L’ASBL Ludo est partenaire de l’année de spécialisation en « sciences et techniques du jeu » qui a démarré en septembre 2013 à la Haute École Paul-Henri Spaak et à la Haute École de Bruxelles. Michel Van Langendonckt, cheville ouvrière de la mise en place de cette formation, nous en expose les principaux objectifs. Il est temps de prendre le jeu au sérieux nous dit-il, et de renforcer les compétences des professionnels des secteurs social, pédagogique et paramédical en la matière. Le jeu, par ses dimensions psycho-socio-éducatives, a en effet entièrement sa place au sein du travail social.

Pourquoi cette formation en sciences et techniques du jeu (1) ?

Le jeu nous construit, nous entretient et, au besoin, nous répare.
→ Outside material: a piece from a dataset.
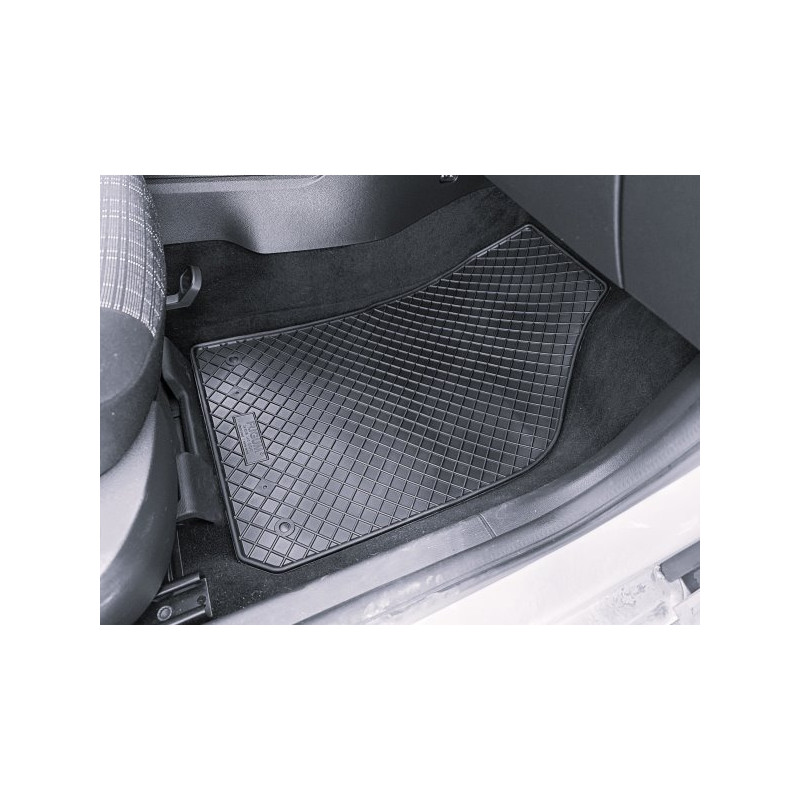 Pryžové rohože na míru pro design ŠKODA Fabia III (2014->). Rohože jsou vyrobeny přesně na míru interiéru daného vozidla. Levnější náhrada originálních rohoží.

Il est temps de le prendre au sérieux. Un master « sciences de l’éducation » en sciences du jeu et des formations diplômantes (BAC +3) de ludothécaire existent en France depuis plus de trente ans, il était grand temps que la Belgique francophone emboîte le pas.

À qui s’adresse-t-elle ? Comment a-t-elle été mise sur pied ?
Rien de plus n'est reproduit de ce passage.